Итак, каково же содержание трактата Немесия? Автор прежде всего говорит о месте человека в космосе, соединяя в единое целое антропологию и космологию. Центральное положение человека в мире, по Немесию, определяется тем , что Бог в лице человека сотворил точку, в которой соединяются мир телесный и мир духовный: «по сотворении умопостигаемого и — затем — видимого бытия, надлежало произвести и некоторую связь того и другого, чтобы все бытие было единым, соразмерным в себе самом и не чуждающимся самого себя. Вот человек и явился живым существом, связующим обе природы. <…> Итак, поставленный в пределах двух природ — разумной и неразумной, — человек, коль скоро склоняется на сторону тела и любит больше телесное, то подражает жизни неразумных (животных) и будет сопричислен к ним, <…> если же, презревши все телесные удовольствия, он подчинится разуму, то наследует божественную и для человека предуготованную блаженную жизнь, и будет — как «небесный…» (Гл. 1). Русскому читателю хорошо знакомо поэтическое изложение этого учения Г. Р. Державиным:
Частица целой я вселенной, Поставлен, мнится мне, в почтенной Средине естества я той, Где кончил тварей Ты телесных, Где начал Ты духов небесных И цепь существ связал всех мной. Я связь миров повсюду сущих, Я крайня степень вещества; Я средоточие живущих, Черта начальна Божества; Я телом в прахе истлеваю, Умом громам повелеваю, Я царь — я раб — я червь — я бог!
Поскольку человеческая природа имеет элементы и функции, родственные и неодушевленному миру, и растениям, и животным, и, наконец, миру духовному, человека является микрокосмом, воспроизводящим в себе строение макрокосма (космоса), а из представления о человеке как о венце творения следует положение о том, что вся тварь создана для человека и служит его пользе. Здесь Немесий опирается на повествование книги Бытия. Конечно, взгляд Немесия на место человека в мире не оригинален — он опирается и на Аристотеля, и на стоиков, и на неоплатоников, и на своих христианских предшественников, среди которых прежде всего надо упомянуть Григория Нисского, написавшего трактат «Об устроении человека». Но и в этом, и в других случаях заслуга Немесия заключается отнюдь не в оригинальности, которую христианские писатели патристической эпохи и не почитали достоинством, а в очень четком и толковом изложении традиционных учений, рассмотренных в перспективе христианского богомыслия.

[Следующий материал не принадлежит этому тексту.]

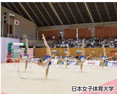
日本女子体育大学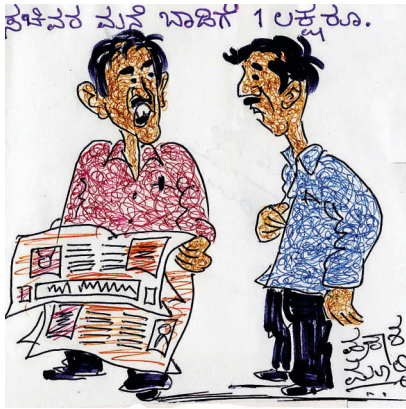
ನಾಲ್ಕಾರು ಮನೆಗಳನ್ನು ಕಟ್ಟಿಸಿ ಸಚಿವರಿಗೆ ಬಾಡಿಗೆಗೆ ನೀಡಿದರೆ ಹೇಗೆ ಅಂತ ಯೋಚನೆಯಾಗಿದೆ!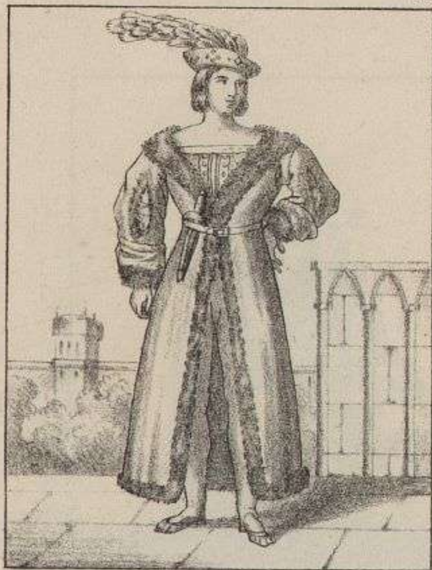
Seigneur de la Cour de Charles VIII. 1497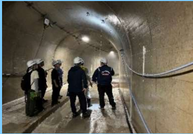
排水トンネル内部の見学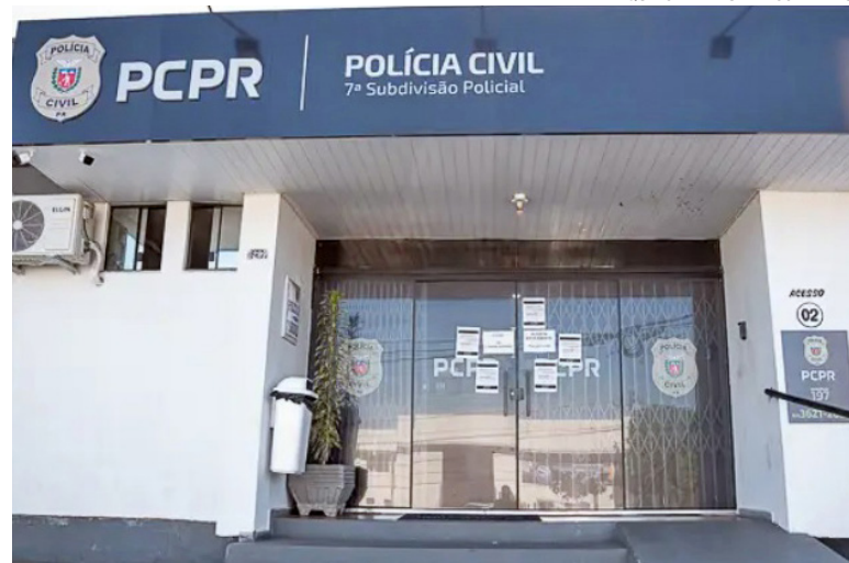
SEGUNDO a Polícia Civil, os investigados são um comerciante de 59 anos e outro homem, de 38 anos. A hipótese é de vítima furtou dinheiro e foi perseguida pela dupla

A vítima vivia em situação de rua e, até o momento, não foi oficialmente identificada. A Polícia Civil continua realizando diligências para descobrir sua identidade e localizar possíveis familiares, além de dar continuidade às medidas judiciais contra os investigados.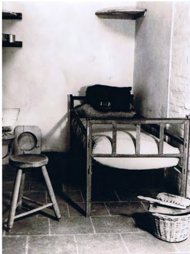
▲ Cel in strafgevangenis van Scheveningen.

"Beata Solitudo. Ik ben er al helemaal thuis in dat kleine celletje. Ik heb mij er nog niet verveeld, integendeel. Ik ben er alleen, o ja, maar nooit was Onze Lieve Heer mij zo nabij. Ik kan het uitjubelen van vreugde, dat Hij zich weer eens geheel heeft laten vinden, zonder dat ik bij de mensen of de mensen bij mij kunnen. Hij is nu mijn enige toeverlaat en ik voel me veilig en gelukkig.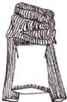
06-022 K 1500,-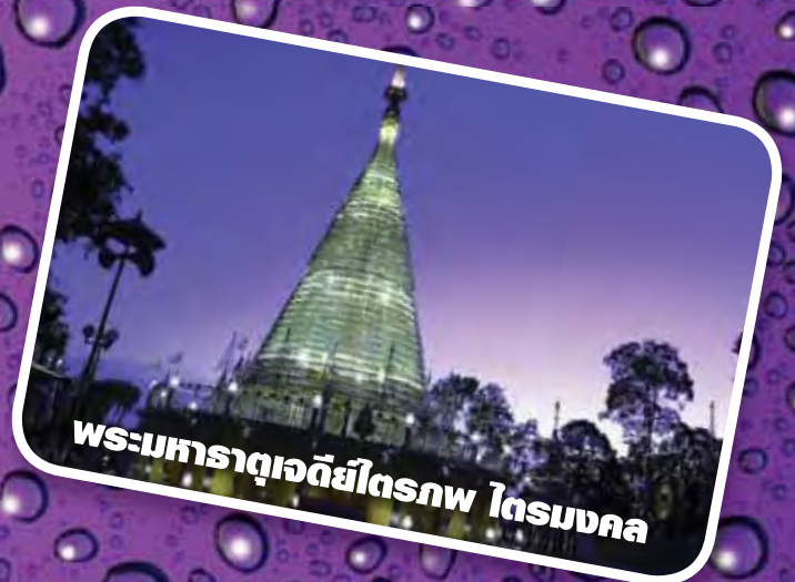
พระมหาธาตุเจดีย์ไตรภพ ไตรมงคล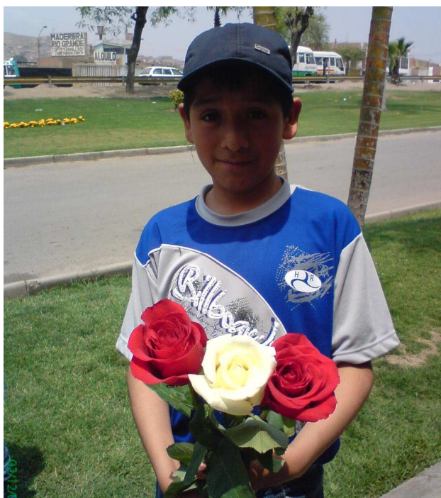
Siempre atento y adelante!!!

Nuestra mejor admiración merecen aquellos que con el sudor de sus mentes hacen de su vida un hábitat de la gloria. Ellos se can-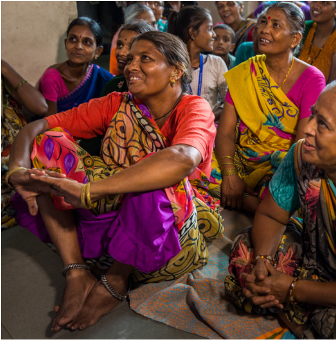
กลุ่มผู้หญิงที่ฟังการบรรยายในระหว่างการประชุมทางโภชนาการเกี่ยวกับอาหาร เพื่อสุขภาพที่ศูนย์ BalSEWA ในอาห์เมดาบัด ประเทศอินเดีย

อันเป็นผลมาจากการทำงานดูแลที่ไม่ได้รับค่าตอบแทนส่งผลให้ผู้หญิงอาจเก็บออมได้น้อยเพื่อใช้ในยามชรา ถึงแม้ว่านี่จะเป็นปัญหาที่แรงงานหญิงทุกคนต้องเผชิญ แต่ปัญหานี้พบรุนแรงที่สุดในแรงงานนอกระบบในซีกโลกใต้ เนื่องจากแรงงานเหล่านี้ไม่สามารถเข้าถึงการคุ้มครองแรงงานและการคุ้มครองทางสังคมที่ช่วยให้แรงงานหญิงในระบบสามารถจัดการงานดูแลลูกหลานและงานหารายได้ไปพร้อมๆ กัน หากมองในแง่นี้ หน้าที่รับผิดชอบงานให้การดูแลที่ไม่ได้รับค่าตอบแทนจึงเป็นการสร้างและส่งเสริมให้เกิดความไม่เท่าเทียมทางสังคม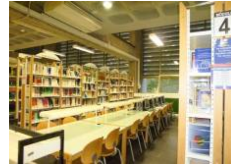
196 PUESTOS DE LECTURA MÁS DE 80000 LIBROS EN SALA Y DEPÓSITO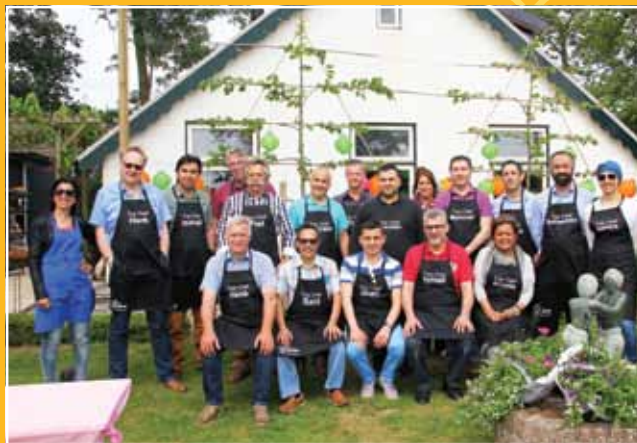
Cvb, RvT, staf en schooldirecties.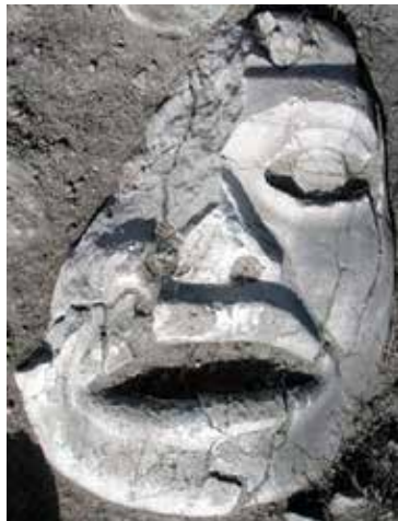
FIGURA 2.18. Cara de la escultura antropomorfa de mármol hallada en la Estructura 3 de Xalla.

Es posible que el recinto estuviese almenado, pues dentro de las fosas epiclásicas de saqueo obtuvimos fragmentos de almenas. Asimismo, es posible que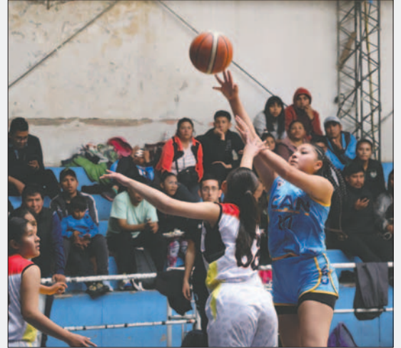
CAN luchó por conseguir llevarse la victoria

Следующий предмет рассмотрения Немесия — душа человека. Он отвергает трихотомический взгляд на строение человека (ум — душа — тело или дух — душа — тело), предложенный Платоном, воспринятый Плотином, а из христиан — Аполлинарием Лаодикийским, и принимает дихотомическое деление (душа и тело). Но что же такое душа? Немесий полемизирует с материалистическими доктринами о телесности души (Демокрит, Эпикур, стоики; надо иметь в виду, что подобные представления разделялись и некоторыми христианскими богословами — например, Тертуллианом) и с представлениями Аристотеля о душе как об энтелехии тела и останавливается на платоновской концепции, согласно которой, душа — это бестелесная и, следовательно, бессмертная субстанция и начало, сохраняющее тело. Обращаясь к проблеме происхождения души, наш автор не соглашается ни с традиционизмом (идеей наследования души), потому что в этом случае душа, должна была быть смертной подобно наследуемому от родителей телу, ни с креационизмом (доктриной о творении каждой души Богом в момент зачатия); это последнее учение отвергается, поскольку Бог, согласно книге Бытия, сотворив мир, «почил от всех дел Своих». Немесий разделяет платоновскую идею о предсуществовании душ, которая позднее — на V Константинопольском Вселенском соборе (553 г.) — была, отвергнута Церковью. Более того, создается впечатление, что Немесий признает и метемпсихоз (переселение душ), однако ряд исследователей полагает, что Немесий лишь приводит эту доктрину в качестве доказательства веры древних философов в бессмертие души. В целом вопрос об отношении Немесия к метемпсихозу остается не вполне ясным.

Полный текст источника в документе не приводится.